Ты устал. Прага открылась тебе с новых сторон: ты видел сотни, тысячи лиц, и каждое из них отличалось чем-то от предыдущего и от тех, что ты видел в Англии. Кто-то был весел, кто-то смеялся, или грустил, или просил о чем-то, многие мечтательно улыбались или напевали рождественские гимны.
Ты зашел в булочную, кажется, недалеко от Золотой улочки. Оттуда маняще потянуло свежим хлебом, и ты не удержался. Взял чашку чая — большую, глиняную, со скалами на краешке — и что-то из выпечки. Сел у окна, расписанного белилами по случаю Рождества и Нового года.
Некрупные снежинки как будто парили в воздухе, планировали, и казались чем-то из другого мира в желтом свете фонарей. Прохожие улыбались, дети ловили снежинки на язык. Многие целыми семьями направлялись в церковь, празднично одетые. Сочельник.
Напряжение, накопившееся за день, вдруг отпустило.
Допив чай, ты купил еще сдобы для родителей, и с улыбкой на лице зашагал в направлении отеля.
* * *
Ты морщишься, потираешь раненую вчера ладонь. Пламя в камине только разгорается, и дрова трещат, постреливают искрами. Каминная решетка надраена до блеска. В комнате не горят свечи, и большая часть помещения скрывается в темноте.
Тебе не хочется вспоминать дальнейшие события.
Когда ты пришел к дому Ядзьки, на следующий день после Рождества, два брата (или кузена, тебе как-то не до родственных связей было) доходчиво объяснили, что не стоит больше искать с ней встреч.

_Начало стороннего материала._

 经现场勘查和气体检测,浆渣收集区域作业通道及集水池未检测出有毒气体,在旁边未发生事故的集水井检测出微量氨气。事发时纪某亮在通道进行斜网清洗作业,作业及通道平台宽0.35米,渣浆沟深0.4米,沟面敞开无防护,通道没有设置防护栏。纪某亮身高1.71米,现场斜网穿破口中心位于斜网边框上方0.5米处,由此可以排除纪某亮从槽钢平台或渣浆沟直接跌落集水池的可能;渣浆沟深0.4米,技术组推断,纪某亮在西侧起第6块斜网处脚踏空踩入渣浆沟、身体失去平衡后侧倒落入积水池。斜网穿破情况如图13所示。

Девушка плакала и умоляюще лепетала на чешском, хватала родственников за руки, пыталась защитить тебя, Барти. А ты ничего не мог сделать, стирал только кровь, текущую из разбитой губы на подбородок и чувствовал, как наливается синяк на скуле. Костяшки пальцев саднили. Да и бок болел, но ты не подавал вида. Вытащил из кармана письмо для Ядзьки и небольшой подарок в коробочке. Ангел, усыпанный блестками, из папье-маше и какой-то жесткой ткани.

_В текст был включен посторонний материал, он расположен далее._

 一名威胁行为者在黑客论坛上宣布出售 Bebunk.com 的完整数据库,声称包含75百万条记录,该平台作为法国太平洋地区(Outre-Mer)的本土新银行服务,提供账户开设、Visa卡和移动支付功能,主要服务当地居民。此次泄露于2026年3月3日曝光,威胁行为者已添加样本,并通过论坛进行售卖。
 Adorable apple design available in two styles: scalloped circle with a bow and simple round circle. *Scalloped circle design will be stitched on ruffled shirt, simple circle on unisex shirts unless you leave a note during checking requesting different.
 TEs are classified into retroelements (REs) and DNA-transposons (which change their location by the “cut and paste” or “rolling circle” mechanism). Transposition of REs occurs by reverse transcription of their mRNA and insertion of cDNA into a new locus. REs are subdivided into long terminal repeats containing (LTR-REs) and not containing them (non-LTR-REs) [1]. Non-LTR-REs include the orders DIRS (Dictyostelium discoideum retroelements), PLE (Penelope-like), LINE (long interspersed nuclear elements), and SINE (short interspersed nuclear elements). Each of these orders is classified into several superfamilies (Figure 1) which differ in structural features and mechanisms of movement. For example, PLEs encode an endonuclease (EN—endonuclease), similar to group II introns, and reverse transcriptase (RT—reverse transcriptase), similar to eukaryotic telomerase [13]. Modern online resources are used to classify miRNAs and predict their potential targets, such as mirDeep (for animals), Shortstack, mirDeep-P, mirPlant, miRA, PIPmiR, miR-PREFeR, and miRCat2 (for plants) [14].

Несколько слов — и коробочка, тщательно осмотренная со всех сторон родственниками, в руках у девушки. Она плакала и улыбалась. Письмо досмотр не прошло.

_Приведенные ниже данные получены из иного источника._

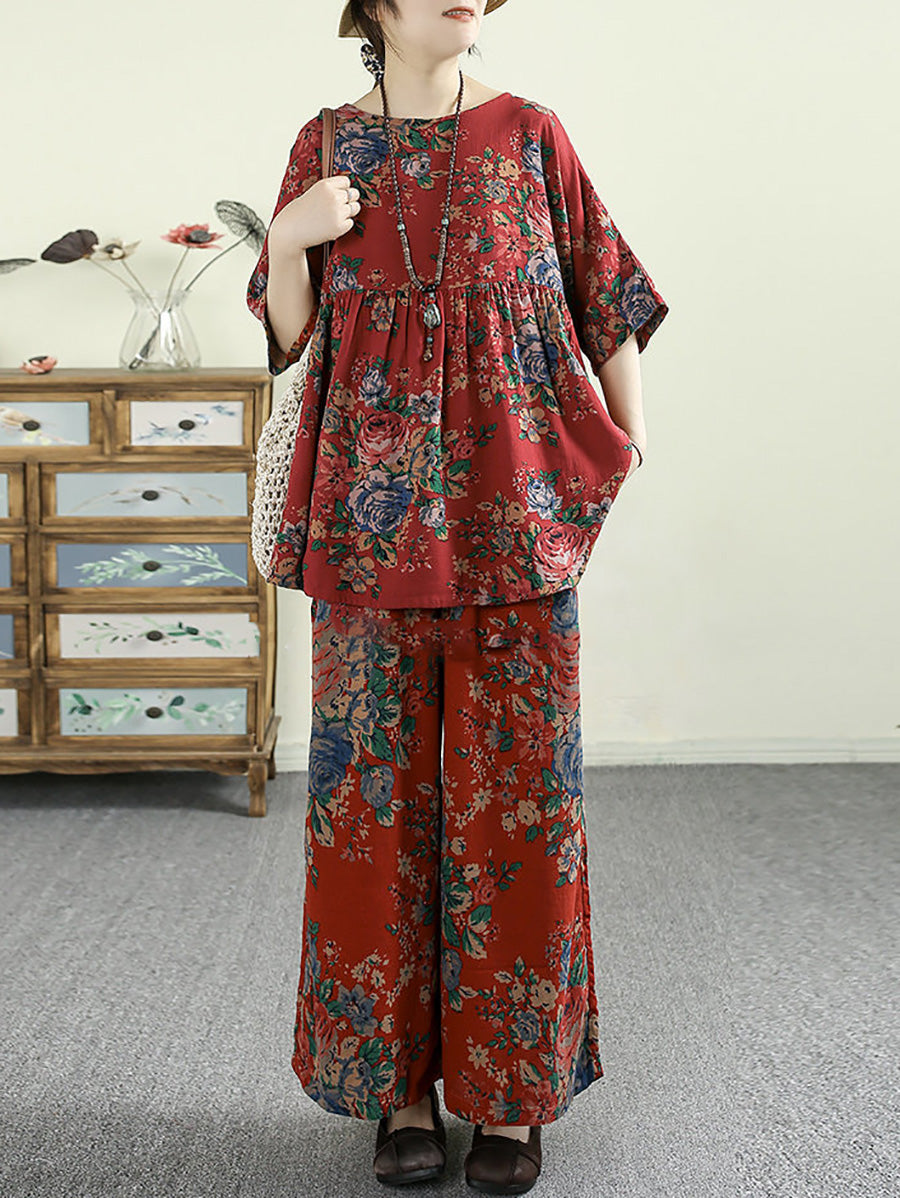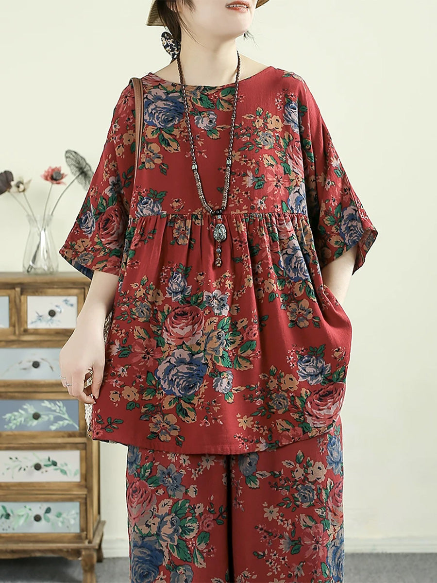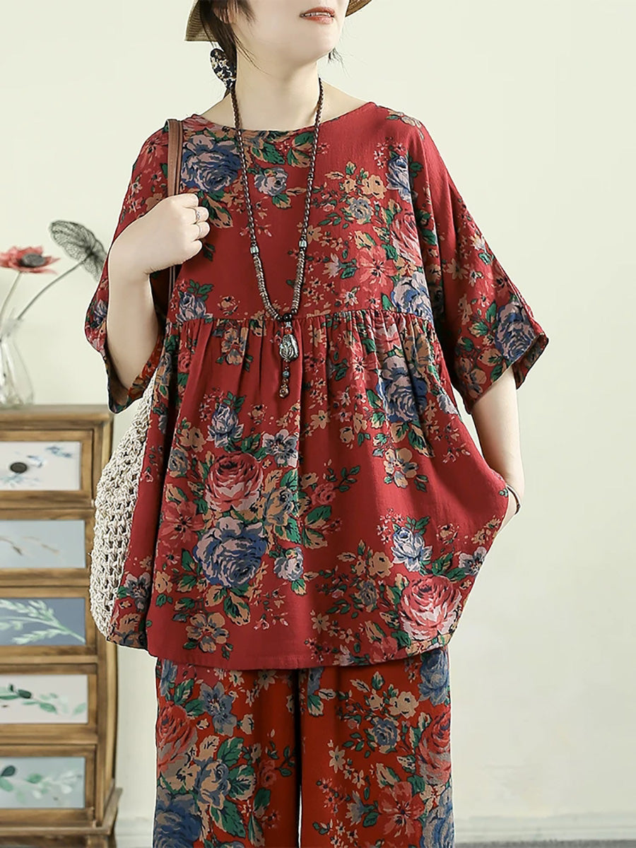 Women Summer Retro Flower 100%Cotton O-Neck Blouse

Ты грустно улыбнулся, и корочка на разбитой губе треснула. Ты почувствовал теплые капли крови на подбородке, с раздражением стер их тыльной стороной ладони. Остался длинный бурый след.
Ты попрощался с Ядьзкой и ее защитниками взмахом руки.
Родители устроили сцену с охами и ахами, обещали разобраться с обидчиками, но ты лишь угрюмо повторял, что это пустяки, не стоит внимания.
Отец в назидание оставил тебя без медицинской помощи, и ты до самого начала занятий щеголял синяком в пол-лица, чем даже завоевал немного внимания и уважения у однокурсников.
День с Ядзькой — воспоминание, не дающее тебе сойти с ума. Оно дает тебе надежду. Сколько бы ты ни говорил, что надежда — для дураков, она ведь живет в тебе, Барти. Ты веришь, в глубине души веришь: доведется еще увидеть Ядзьку Вуйцвик. Хоть мельком, хоть раз.